There are 3 versions of the net gen allocated table:

  • gen_fuel_by_generator_energy_source is the primary table from which the others are derived.
  • gen_fuel_by_generator_eia923 is an aggregation of the above table.
  • gen_fuel_by_generator_energy_source_owner_eia923 is an allocation of it.
  • A truncated version of gen_fuel_by_generator_eia923 is also used to provide a more complete filled version of generation_eia923.

The main functions that organize the creation of these tables are:

  • allocate_gen_fuel_by_generator_energy_source
  • aggregate_gen_fuel_by_generator

The input data is generated / handled by:

  • extract_input_tables
  • standardize_input_frequency

It looks like those 4 functions are the only ones that need to be converted to use Dagster. However they need to happen at both yearly and monthly frequency, so we probably want a factory of interconnected assets.

Tasks

Preview Give feedback

Data Problems (halp! @cmgosnell 🧠)

  • There's very low coverage of the capacity_mw and utility_id_eia column in the gen_fuel_by_gen_esc_own table, but only when it's aggregated to monthly frequency. It turns out this is because the ownership information is being merged on only annually rather than broadcast / date-merged, so in the monthly case only the January records end up with utility_id_eia and capacity_mw values. Since utility_id_eia is part of the primary key, this is invalid. So we need to either only create this particular table with annual frequency (is it only used for the FERC 1 to EIA entity matching?) or need to do a date_merge to bring in the utility ID and capacity information. For the moment I'm skipping generating this asset at monthly resolution but that feels a little weird.
  • About 0.6% of all the records are coming out with different values for energy_source_code_num between the existing PudlTabl and the new Dagster calculation. However, this only happens sometimes. The rest of the time they match up 100%. My hunch is that this is happening when there's a tie between multiple energy source codes that are being filled in, and the ordering of something determines which value ends up in slot 1 vs. 2. If that's the case then this doesn't matter (and it was probably happening before but we never noticed...). If it's something else... maybe it still doesn't matter, since it's only 0.6% of all records.
  • When testing that the net gen allocation outputs from PudlTabl were consistent with those from reading data out of the DB directly or asking Dagster to give me the table, I discovered that for the monthly allocated gen_fuel tables they were not!
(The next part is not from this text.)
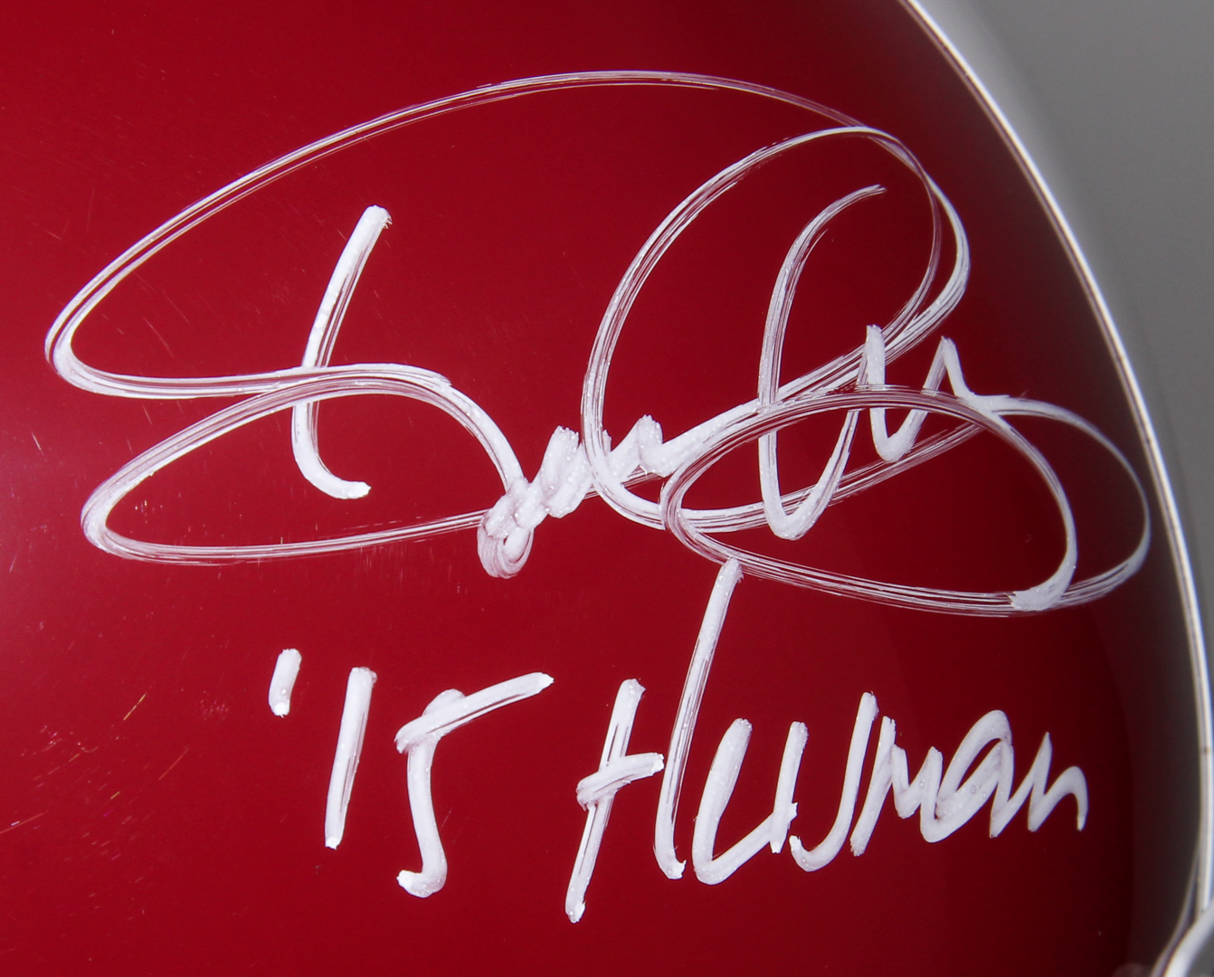 Schutt full-size replica speed helmet hand-signed in white paint pen by Mark Ingram (Saints) and Derrick Henry (Titans).

If not start_date or end_date are given when creating a PudlTabl object, it looks up the earliest and latest possible dates using pudl.helpers.get_working_dates_by_datasource(). The start_date and end_date are used to restrict the records that are read out of the DB. However, in the case of the monthly allocated gen_fuel tables there are some dates which are after the latest possible date (e.g. right now they run through 2022-12-01 even though the latest date we have data for is the EIA-860M which goes through 2022-09-01). I think this is because there's some monthly time series filling going on in the generation allocation process. Is this really what we want to do? It looks like all of the data for 2022 is NA because the EIA-860M doesn't contain any generation or fuel. It seems like ideally we wouldn't be writing that whole year of NA data into the DB.

Design Questions

  • The column energy_source_code_num is actually a string like energy_source_code_3 which is confusing. Maybe a name change?
  • These new table names are very long. Should we think of something else?
  • Right now only the gen_fuel_by_gen table is denormalized. Why is that? Should all of these outputs be denormalized to include plant & utility names, unit_id_pudl and other relevant IDs?
  • Use of utility_id_eia in the gen_fuel_by_gen_esc_owner table is confusing, since in this context (as in the ownership_eia860 table) the utility here is the owner, not the operator, and we may want to indicate that. Also, if we denormalize this table and bring in additional plant & utility information it'll have a name collision with the operating utility.
  • I didn't create a whole new table for the generation-only version of gen_fuel_by_gen since it's just a simple subset of the columns.
@zaneselvans zaneselvans added eia923 Anything having to do with EIA Form 923 output Exporting data from PUDL into other platforms or interchange formats. epic Any issue whose primary purpose is to organize other issues into a group. dagster Issues related to our use of the Dagster orchestrator sqlite Issues related to interacting with sqlite databases labels Mar 22, 2023
@zaneselvans zaneselvans added this to the 2023Q2 milestone Mar 22, 2023
@zaneselvans zaneselvans moved this from 🆕 New to 🔖 Backlog in Catalyst Megaproject Apr 3, 2023
@zaneselvans zaneselvans changed the title Convert derived EIA tables into Dagster assets Convert EIA generation and fuel allocations to Dagster Apr 13, 2023
@zaneselvans
Copy link
Member Author

@cmgosnell Do all of the generation_fuel_by_*_eia923 outputs only make sense when aggregated yearly or monthly? Like there's no "original" versions of them with all the records, correct?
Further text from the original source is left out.